Guest Post by James Handley
I’m a bit surprised that Republicans fell into Boxer’s trap so predictably. With a slim Democratic majority in the Senate and a promised presidential veto, the Lieberman-Warner (“Climate Security”) bill never had a chance. Senate Environment and Public Works Committee Chair Barbara Boxer forced a vote so the environmental score-keepers could notch one up for the Ds and one down for the Rs.
The bill was deeply flawed — Friends of the Earth, Greenpeace and a coalition of other progressive environmental groups point out that it would GIVE AWAY most of the carbon emission permits to polluters. Instead, these groups advocate auctioning ALL permits. Both Hillary Clinton and Barack Obama also support 100% auction. So Lieberman-Warner was already way behind the political curve.
The bill would have auctioned a minority of permits. Who would the lucky revenue winners have been? Mostly big (polluting) energy corporations.

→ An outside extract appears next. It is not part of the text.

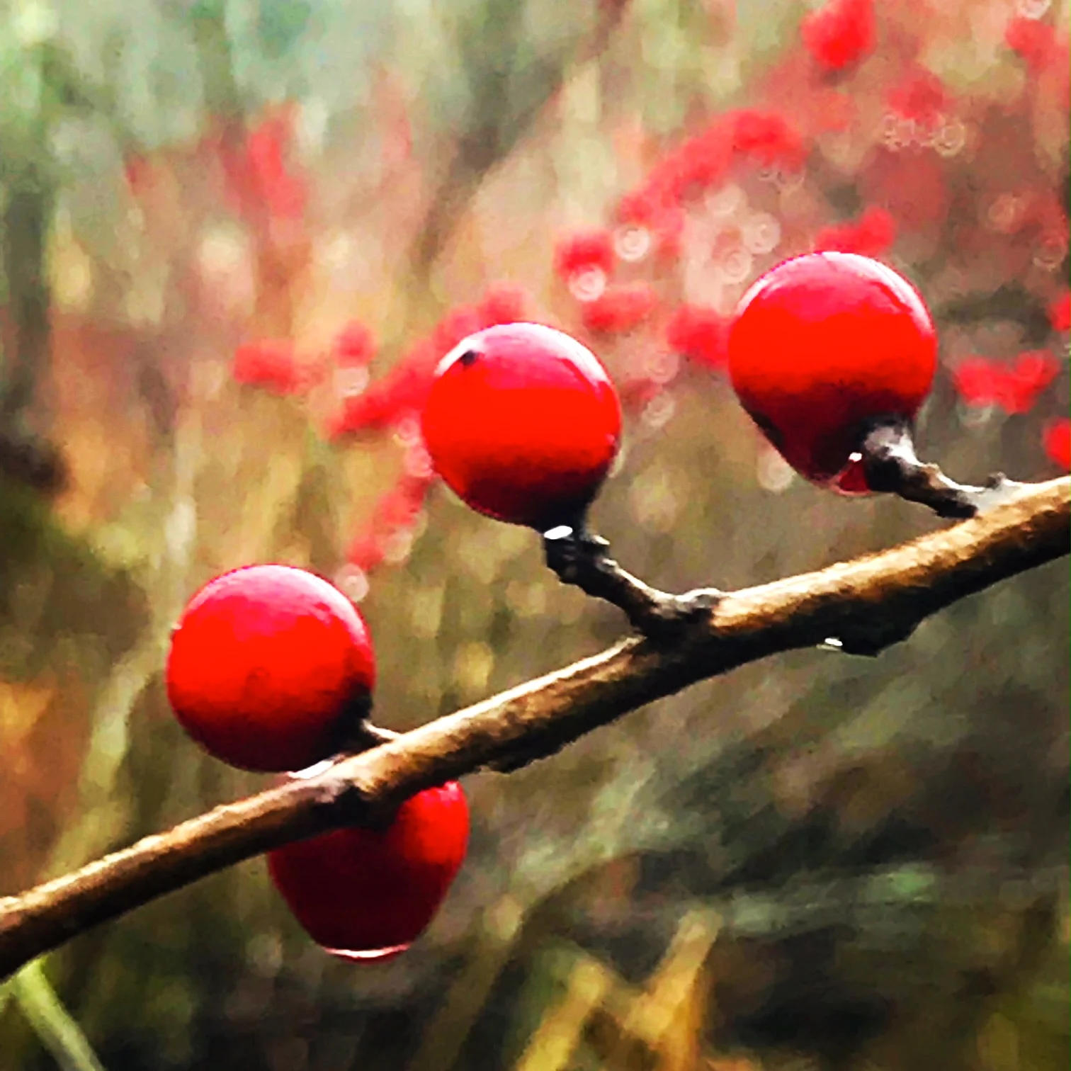 The rain kept the sky dark all morning, and poured so meanly Suzi wouldn't follow me and Charlie, she stayed indoors! while we went out into the thick of it and were quickly soaked, head to tail, but splashing along the path, we kept looking for something to lift our soggy spirits, when, as if called there, we slogged into the swamp and the branches of bunches of wet red berries found us, emanating light as if wanting to cheer us up, and they did, even though I stood in cold water up to my ankles to get a close-up look at them dripping fat bright drops of rain. We walked soggily on, almost our usual amount of time, and just when we needed another pick-me-up, I saw the red leaves arranged like a toy on the forest floor standing up straight looking just like a pinwheel, and then we were rain blasted and happy to soak on home to dry towels, a hot fire, family and a holiday mood in the house. I haven't kneaded bread in some years, so I baked some from scratch, and the November day smelled fine from the yeast and the cinnamon, the pies and the cookies and pizzas we cooked 'til our legs ached and we ate treats until bedtime, goodnight.

Rep. Markey (D-Mass) introduced a House bill to auction 97% of permits and distribute revenue to individuals, while Sen. Corker (R-Tenn) offered similar amendments in the Senate: worthy improvements that didn’t get serious consideration (yet).
Lieberman-Warner was a trial balloon, but more than that, it was a trap to entice the howling dogs who deny the climate problem out into the open so Democrats and environmental groups can campaign against them. As legislation, it’s a failure. As political strategy, it lured them out and slapped shut with the alacrity of a mouse trap. I can’t help wondering why the Republican leadership didn’t try to improve the bill (or at least fake doing so) instead of obstructing it. There’s plenty to improve on (like moving from cap-and-trade to a carbon tax and requiring revenue-neutrality) and they could have avoided being tarred as Neanderthal global warming deniers.
Boxer’s political trick worked and may provide the Democratic Party with real political benefits as voters register their impatience in November. Unfortunately, the focus on a poorly-designed bill and the failure to consider constructive changes resulted in a wasted opportunity.
Economists from left to right agree that the gold standard for effective climate policy is a revenue-neutral carbon tax with dividend. Maybe the spectacular crash of Lieberman-Warner will help us start that much-needed discussion after the election.